Anyway, as I was swan diving, I suddenly woke up, because I had this flash of reality and dread hit my brain. Earlier in the day, I had committed to doing something that could be very dangerous (according to the reporters of Dateline or 20/20). "I" had asked me to dinner at his condo in the city earlier in the day and I had agreed. And suddenly, it hit me at 2 o'clock in the AM amid a beautiful uplifting dream that I had just done something that could end up very badly. Why would I willingly go to some guy's condo (who I had only met for about 2 hours the day before and whose last name I didn't even know) on a second date? I'm sure nothing would happen but it did suddenly feel very unsafe.
So I lay there for a few minutes and thought about how I would get out of this. I was willing to look like a total nutjob. And then I remembered I'll see my personal trainer in the AM and he'll help me fix it.

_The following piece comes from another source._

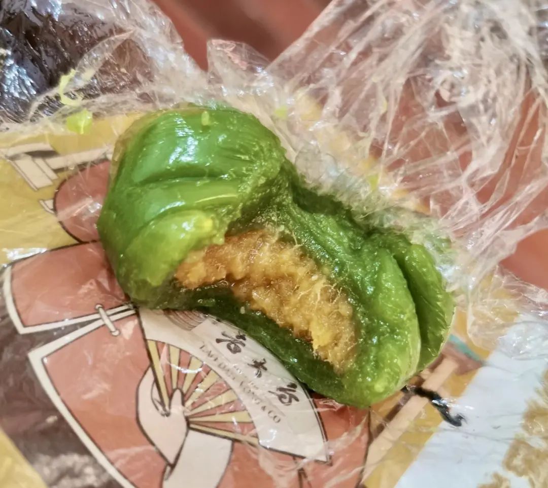 虹口糕团的咸蛋黄肉松青团,连同刚出炉的热气都一同打包装袋~吃起来外皮韧劲较大,不粘牙,馅料中的咸蛋黄与肉松粉被完全搅拌均匀,再用一圈咸蛋黄油包裹,鲜香四溢,口感细腻。
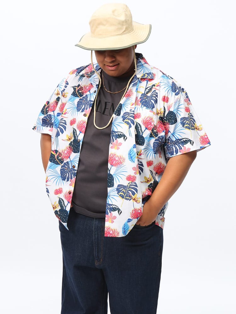 コットン100%のアロハシャツは、オープンカラーでカジュアルな雰囲気を演出します。花柄、ボタニカル柄、ヨット柄、船柄が総柄でデザインされており、リゾート感溢れる一枚です。天然素材のコットンは、肌触りがよく通気性に優れており、快適な着心地を提供します。ウッドボタンがアクセントとなり、ナチュラルな雰囲気をプラス。海辺やバカンス、カジュアルな日常使いにぴったりのスタイリッシュなシャツです。多様な柄が魅力のこのアロハシャツで、夏のコーディネートを楽しんでください。

So I tell him my issue and he immediately tells me what to text to "I". A late meeting so let's meet in a happening area between his house and my office and offer to pay. I text it around 11 to him...that a late meeting has come up and let's just meet in between. Guess what? It works!! Like a charm! Phew! (This kid is good!)
I don't know why I think it would be unsafe, but just call me extra cautious. It was the one Dateline I caught recently about Match.com violence. I just couldn't take that chance and if something bad happened, live with going against my intuition.
I really use my gut in this whole process; so it was better to look like a crazy person than risk going against it now.